[Data shown]
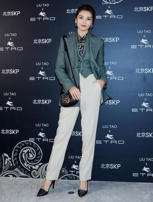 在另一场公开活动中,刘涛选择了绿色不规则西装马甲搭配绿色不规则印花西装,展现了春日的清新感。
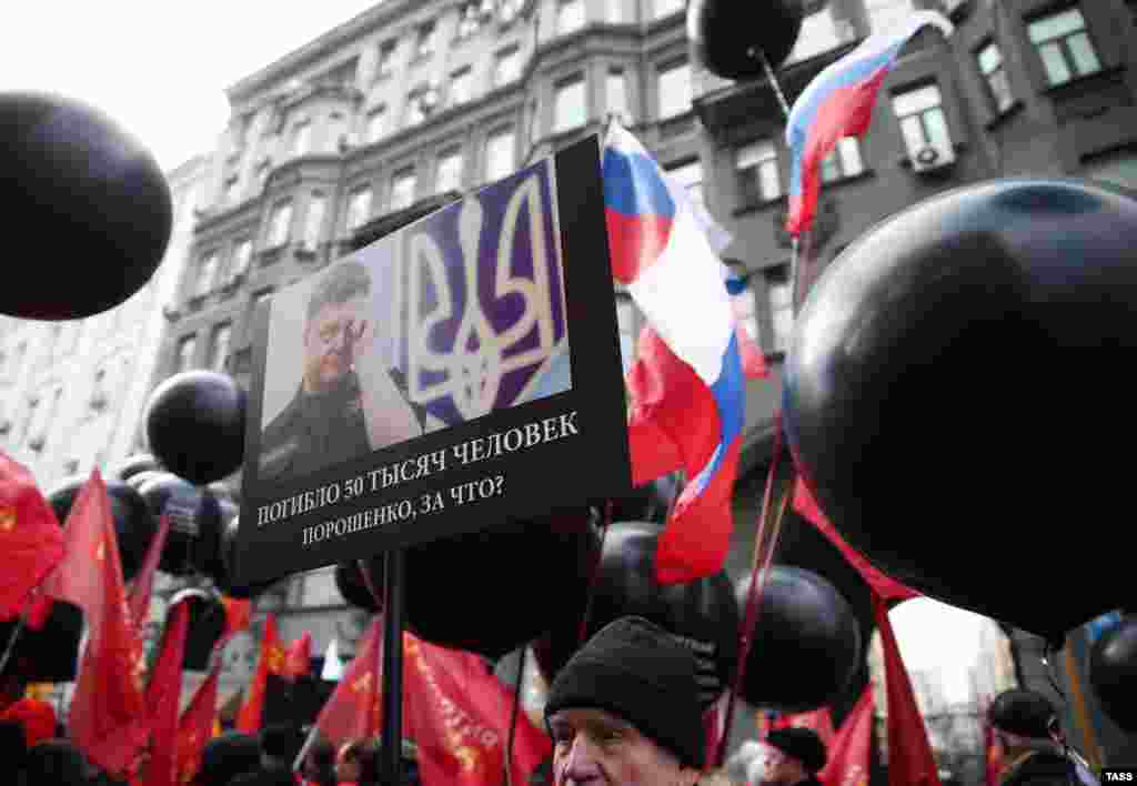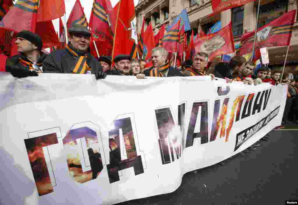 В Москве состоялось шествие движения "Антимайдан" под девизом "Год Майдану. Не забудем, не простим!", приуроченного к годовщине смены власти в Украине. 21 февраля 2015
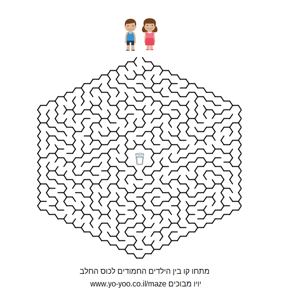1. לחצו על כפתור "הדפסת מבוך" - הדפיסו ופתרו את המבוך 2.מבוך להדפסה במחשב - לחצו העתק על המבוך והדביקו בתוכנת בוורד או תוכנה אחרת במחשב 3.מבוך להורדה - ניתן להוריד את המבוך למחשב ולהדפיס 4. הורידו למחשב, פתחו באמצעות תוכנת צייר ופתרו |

* * *

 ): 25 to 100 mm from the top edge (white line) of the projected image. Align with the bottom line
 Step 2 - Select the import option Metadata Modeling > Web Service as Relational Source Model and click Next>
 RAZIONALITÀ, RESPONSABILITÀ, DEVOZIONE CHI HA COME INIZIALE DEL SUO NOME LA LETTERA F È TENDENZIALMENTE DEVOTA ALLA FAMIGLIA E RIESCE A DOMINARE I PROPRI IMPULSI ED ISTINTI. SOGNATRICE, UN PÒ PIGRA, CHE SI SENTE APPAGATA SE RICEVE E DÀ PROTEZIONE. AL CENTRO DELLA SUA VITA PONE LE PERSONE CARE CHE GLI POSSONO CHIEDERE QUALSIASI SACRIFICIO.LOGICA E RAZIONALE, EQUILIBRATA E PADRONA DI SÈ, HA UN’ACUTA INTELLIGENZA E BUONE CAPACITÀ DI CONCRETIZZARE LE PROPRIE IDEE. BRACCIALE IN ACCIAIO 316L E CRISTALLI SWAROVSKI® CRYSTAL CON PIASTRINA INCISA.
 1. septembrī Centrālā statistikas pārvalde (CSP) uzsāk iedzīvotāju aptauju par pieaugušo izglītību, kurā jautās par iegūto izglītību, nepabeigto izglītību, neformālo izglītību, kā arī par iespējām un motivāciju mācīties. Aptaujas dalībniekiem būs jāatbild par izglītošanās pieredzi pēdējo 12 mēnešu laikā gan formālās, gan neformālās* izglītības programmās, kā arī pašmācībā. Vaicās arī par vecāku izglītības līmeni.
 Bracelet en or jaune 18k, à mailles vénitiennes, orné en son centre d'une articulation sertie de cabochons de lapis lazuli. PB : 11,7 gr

--

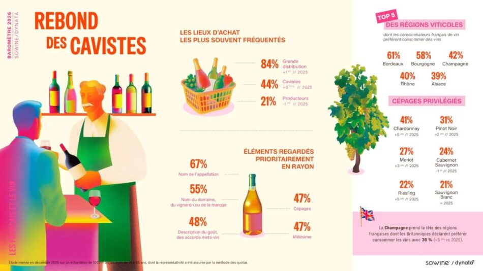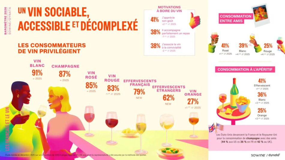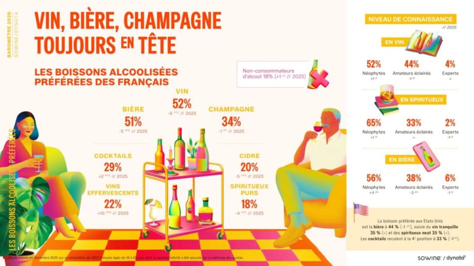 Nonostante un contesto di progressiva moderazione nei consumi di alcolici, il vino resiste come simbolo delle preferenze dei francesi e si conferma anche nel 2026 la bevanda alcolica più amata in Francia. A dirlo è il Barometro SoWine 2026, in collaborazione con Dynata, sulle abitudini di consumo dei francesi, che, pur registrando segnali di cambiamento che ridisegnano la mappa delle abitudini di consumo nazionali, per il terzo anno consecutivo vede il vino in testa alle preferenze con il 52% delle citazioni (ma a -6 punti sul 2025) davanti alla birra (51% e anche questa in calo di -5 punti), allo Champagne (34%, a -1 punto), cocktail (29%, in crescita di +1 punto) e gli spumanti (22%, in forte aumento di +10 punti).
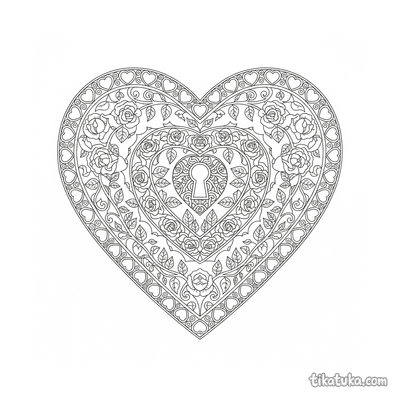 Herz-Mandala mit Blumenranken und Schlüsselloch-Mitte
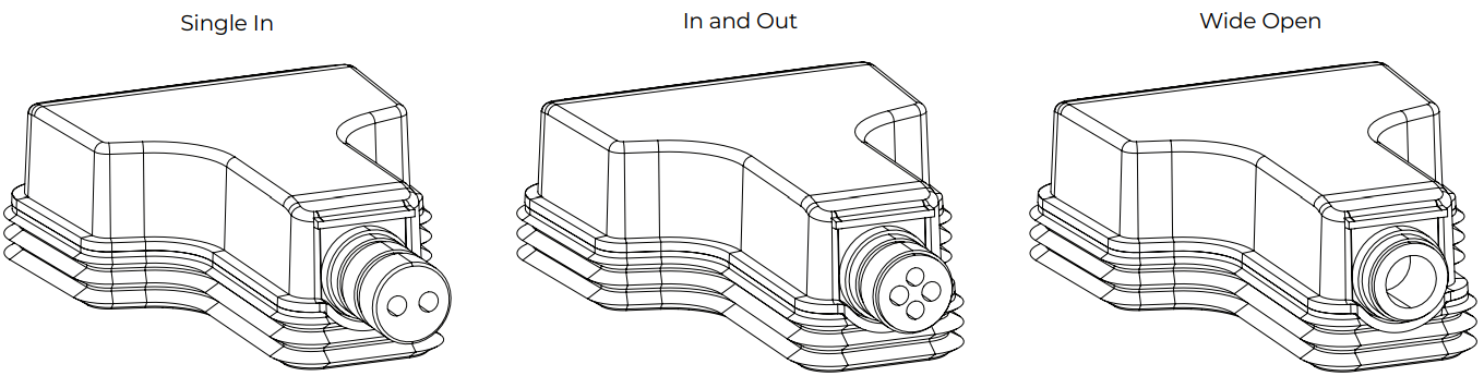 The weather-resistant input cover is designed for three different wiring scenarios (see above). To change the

[Work request] Give again, exactly as written above, each line from the one that has "В Москве состоялось" to the one that has "1. לחצו על כפתור", both included; omit the pictures.

[Response to this exercise]
 В Москве состоялось шествие движения "Антимайдан" под девизом "Год Майдану. Не забудем, не простим!", приуроченного к годовщине смены власти в Украине. 21 февраля 2015
1. לחצו על כפתור "הדפסת מבוך" - הדפיסו ופתרו את המבוך 2.מבוך להדפסה במחשב - לחצו העתק על המבוך והדביקו בתוכנת בוורד או תוכנה אחרת במחשב 3.מבוך להורדה - ניתן להוריד את המבוך למחשב ולהדפיס 4. הורידו למחשב, פתחו באמצעות תוכנת צייר ופתרו |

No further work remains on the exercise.